**How to complete this task**
The material below holds pictures; leave them out and reproduce exactly the lines from the one with "Rosé is wearing" through the one with "总裁马占江(左三)、马拉维驻", inclusive.

**Given information**
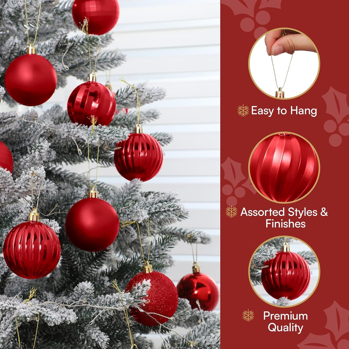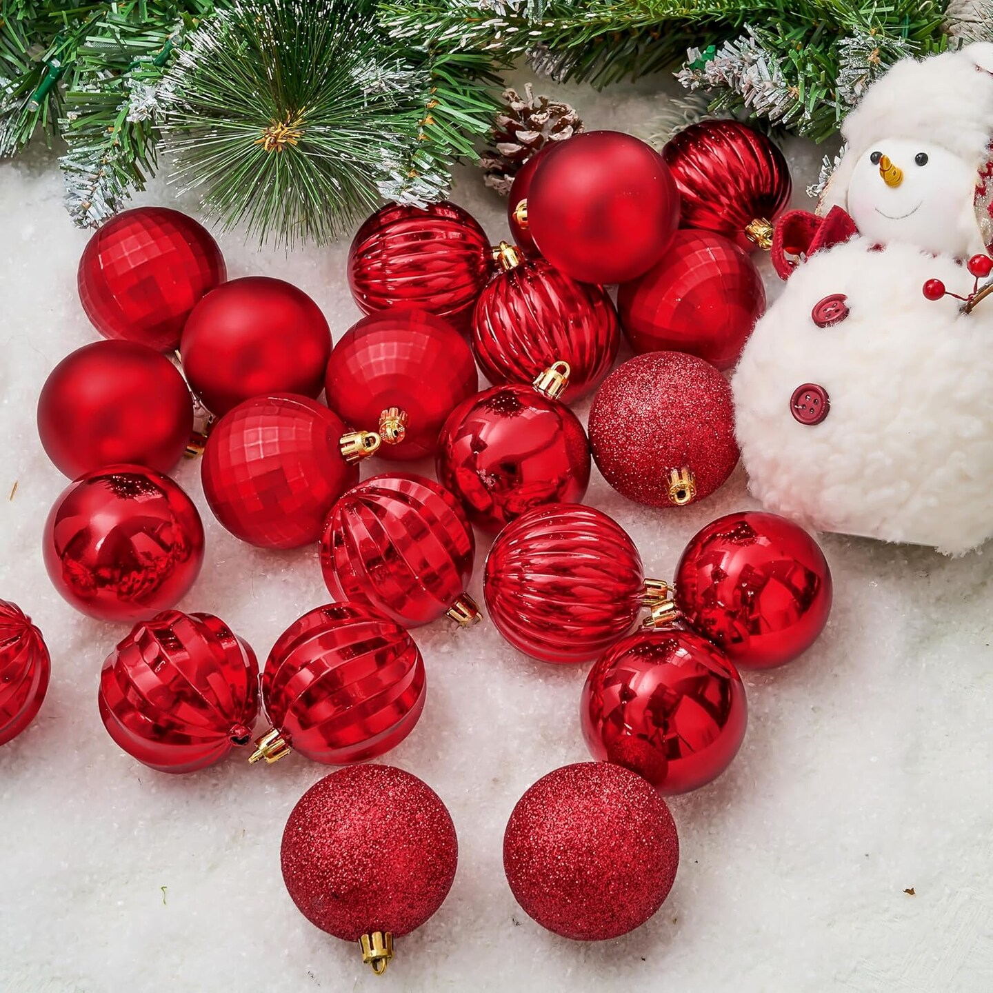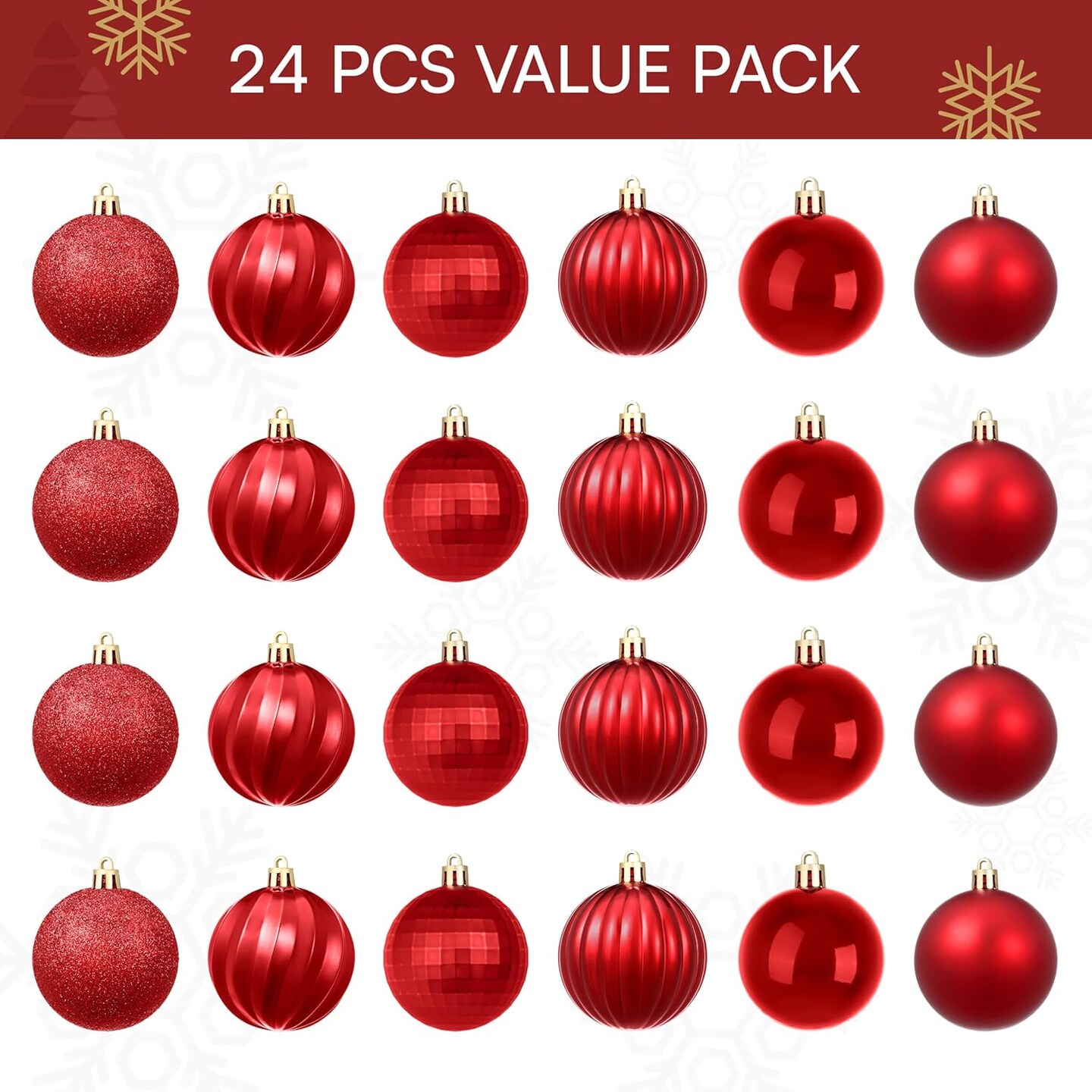 24 Pcs Red Christmas Balls Ornaments Set
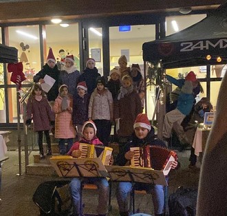 Die Klasse 1 verkaufte köstliche Wiener, die Klasse 2 duftende Plätzchen, die Klasse 3b tolle Schokofrüchte, am Stand der Klasse 3a gab es Glühwein und süßen Kinderpunsch, und die Klasse 4 grillte saftige Roster und Steaks. Alles schmeckte sehr gut.
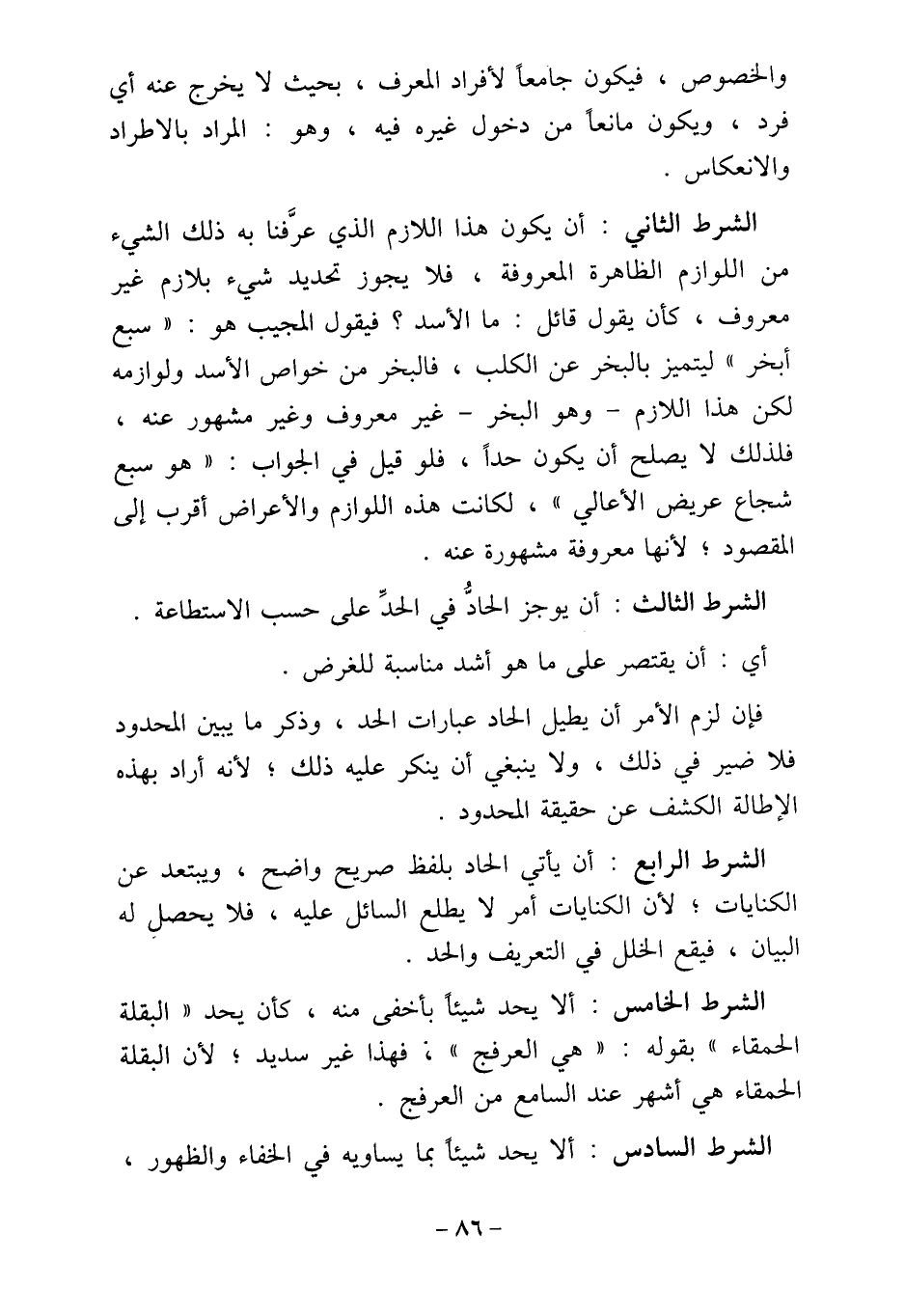 فإن لزم الأمر أن يطيل الحاد عبارات الحد، وذكر ما يبين المحدود
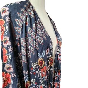 Elegant flowy kimono with dark floral design. Features intricate patterns.
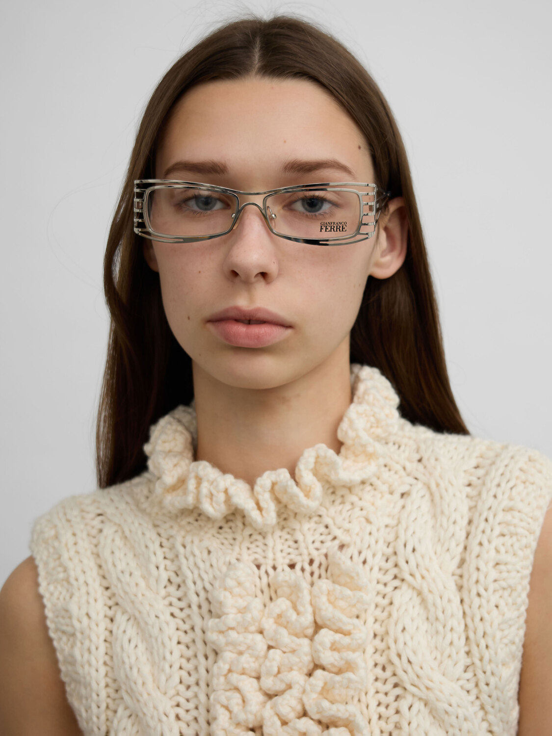 Gianfranco Ferre rectangular glasses encased in a silver-tone metal “cutout” frame. Logo on the temples.
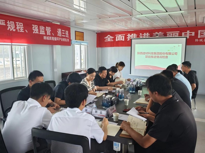 6月11日,陜西建材科技公司副總經理杜永康一行到韓城昇隆公司檢查指導項目推進及安全環保情況。該公司領導班子、參建單位主要負責人陪同檢查。
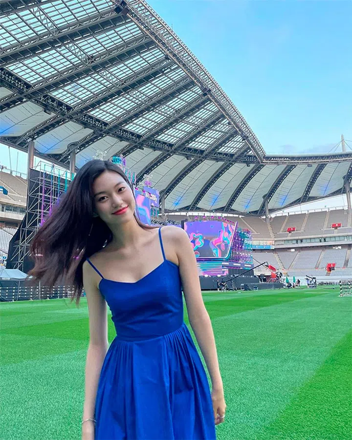 Rosé is wearing a green Reformation dress with a Tiffany & Co. bracelet for a fresh, radiant look. In case you haven't noticed, green has been a popular colour among Korean stars lately.
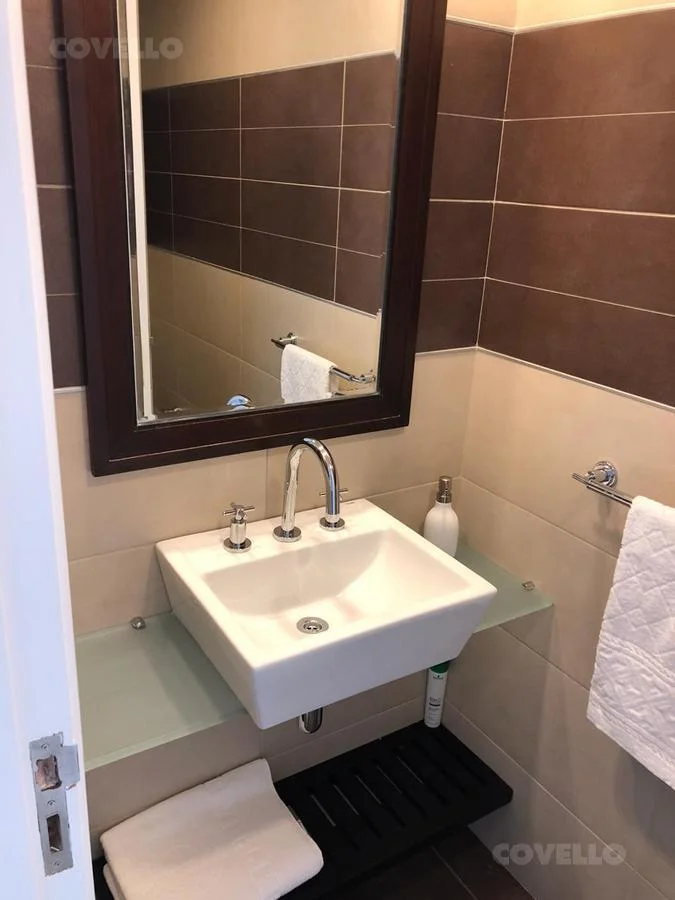 Terraza, living comedor, toilette, 2 dormitorios en suite, 3 baños, cocina y garage.
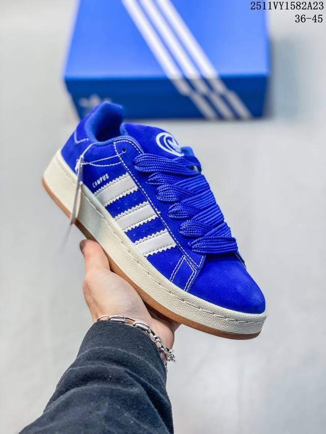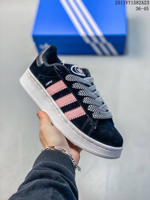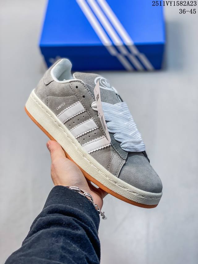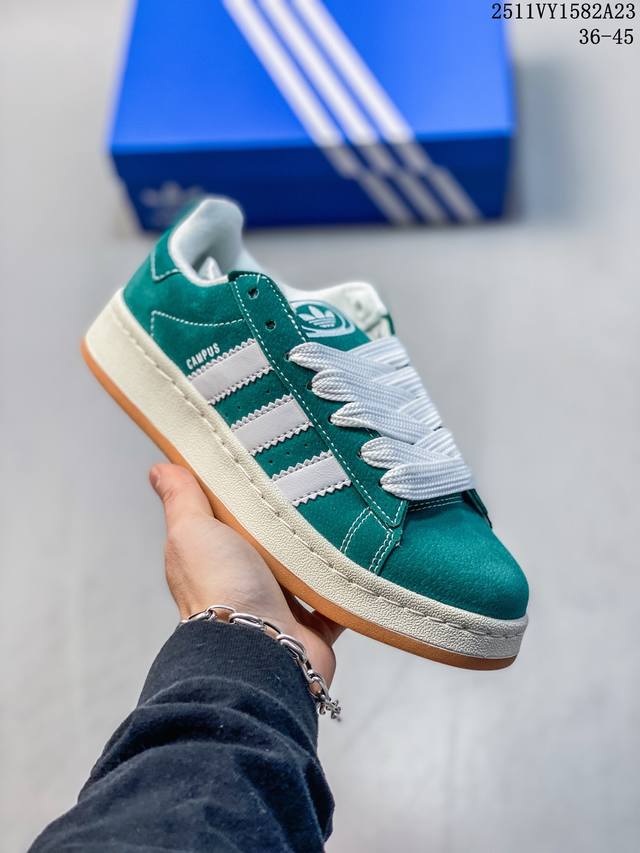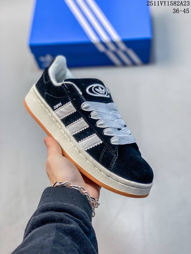 Adidas Originals Campus 00S 百搭单品 DDD 学院系列面包风经典复古低帮百搭休闲运动板鞋 这次 Originals 选择了以经典复古鞋型 Campus 为蓝本打造全新面包鞋 这款鞋型联名不断 冠希当年对它更是钟爱有加 论牌面丝毫不输贝壳头、Forum 等大热鞋型 这次 Campus 一改 80 年代的瘦长造型 鞋舌、鞋身、鞋底甚至细节都变大了 营造出千禧年前后流行的面包鞋宽大廓形 因此鞋名改为 Campus 00S 鞋身采用绒面皮料搭配白色常规皮革 质感上还是延续了经典 Cam
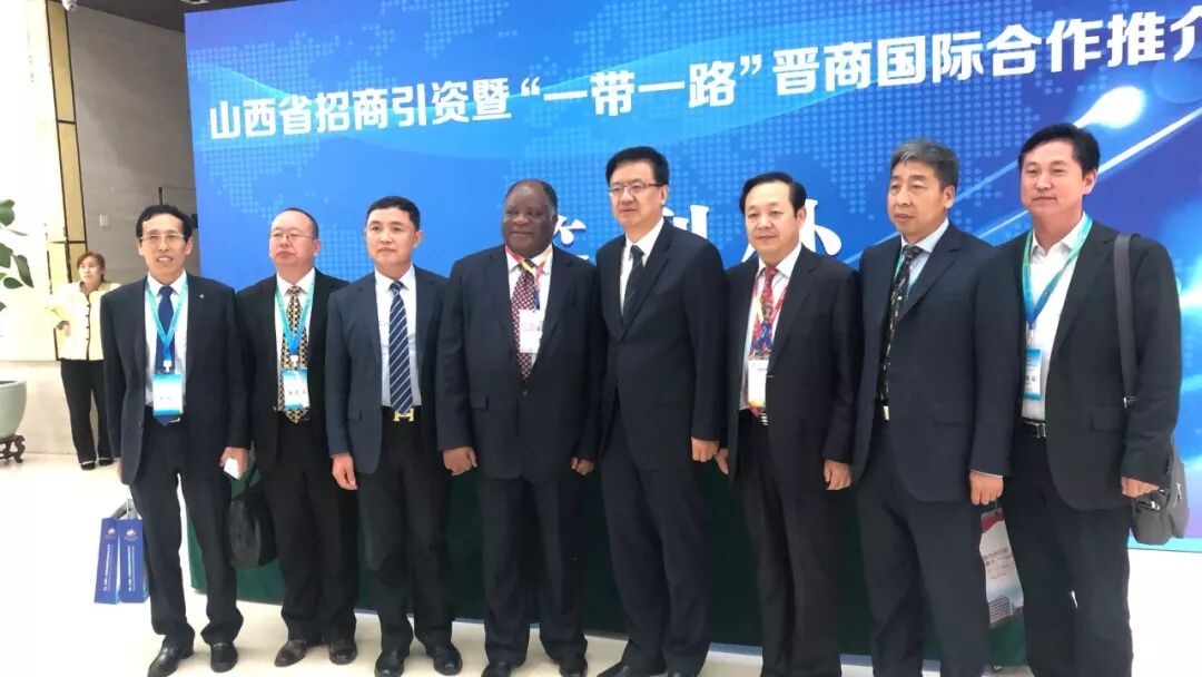 总裁马占江(左三)、马拉维驻华大使查尔斯(左四)、副省长贺天才(右四)、山西贸促会会长陈河才(右三)
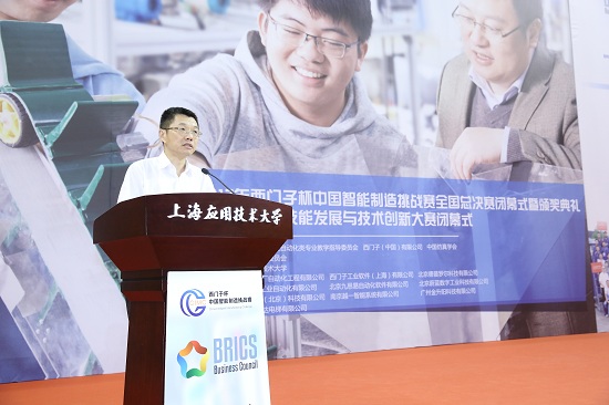 大赛于30日举行了闭幕式。教育部原副部长、全国工程教育专业认证专家委员会主任委员吴启迪,中国发明协会党委书记、常务副理事长兼秘书长、国家科技奖励监督委员会委员余华荣,上海市教育委员会巡视员蒋红、高教处处长桑标,我校党委书记刘宇陆,校长、校党委副书记陆靖,副校长张锁怀,教育部高等亚博足彩自动化类专业教学指导委员会副秘书长王红,西门子(中国)有限公司数字化工厂集团工厂自动化部副总经理李劲松,中国系统仿真学会副理事长马世伟、全国竞赛组委会专家组代表萧德云及来自金砖国家的外国友人出席闭幕式。
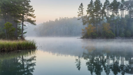 A serene dawn with a vibrant sky reflected in a calm lake, shrouded by mist. Generate AI
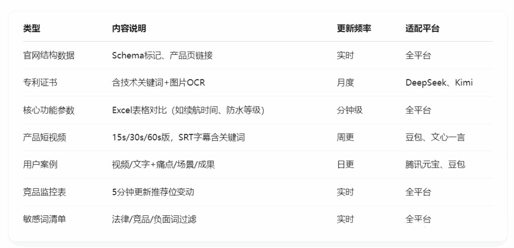 • 以产品为核心持续挖掘新角度:围绕功能、场景、行业趋势、用户问题持续生产内容,保持“模型兴趣度”
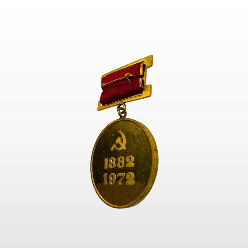 Spilla "90esimo Anniversario dalla Nascita di Georgi Dimitrov" - spilla che celebra il politico più influente della Bulgaria del 1900, che ha ricoperto il ruolo di Segretario Generale del Partito Comunista.
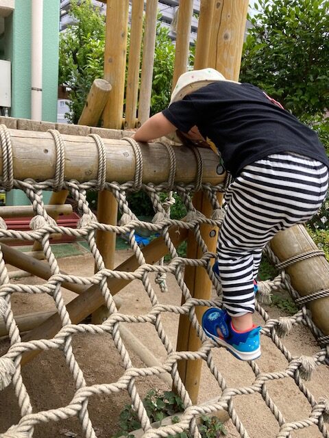 今日はお庭遊び!! 丸太の階段、よっこらしょ。上まで登れたよ!!やったぁ!! さあ、次は網の坂道だ。後ろ向きになって慎重に‥慎重に‥。 お兄ちゃん達が登るのを見て、僕も頑張ってやってみたよ!! イチゴのアイスクリーム屋さんだよー!! ぱっぱを、... -

**Your solution**
 Rosé is wearing a green Reformation dress with a Tiffany & Co. bracelet for a fresh, radiant look. In case you haven't noticed, green has been a popular colour among Korean stars lately.
 Terraza, living comedor, toilette, 2 dormitorios en suite, 3 baños, cocina y garage.
 Adidas Originals Campus 00S 百搭单品 DDD 学院系列面包风经典复古低帮百搭休闲运动板鞋 这次 Originals 选择了以经典复古鞋型 Campus 为蓝本打造全新面包鞋 这款鞋型联名不断 冠希当年对它更是钟爱有加 论牌面丝毫不输贝壳头、Forum 等大热鞋型 这次 Campus 一改 80 年代的瘦长造型 鞋舌、鞋身、鞋底甚至细节都变大了 营造出千禧年前后流行的面包鞋宽大廓形 因此鞋名改为 Campus 00S 鞋身采用绒面皮料搭配白色常规皮革 质感上还是延续了经典 Cam
 总裁马占江(左三)、马拉维驻华大使查尔斯(左四)、副省长贺天才(右四)、山西贸促会会长陈河才(右三)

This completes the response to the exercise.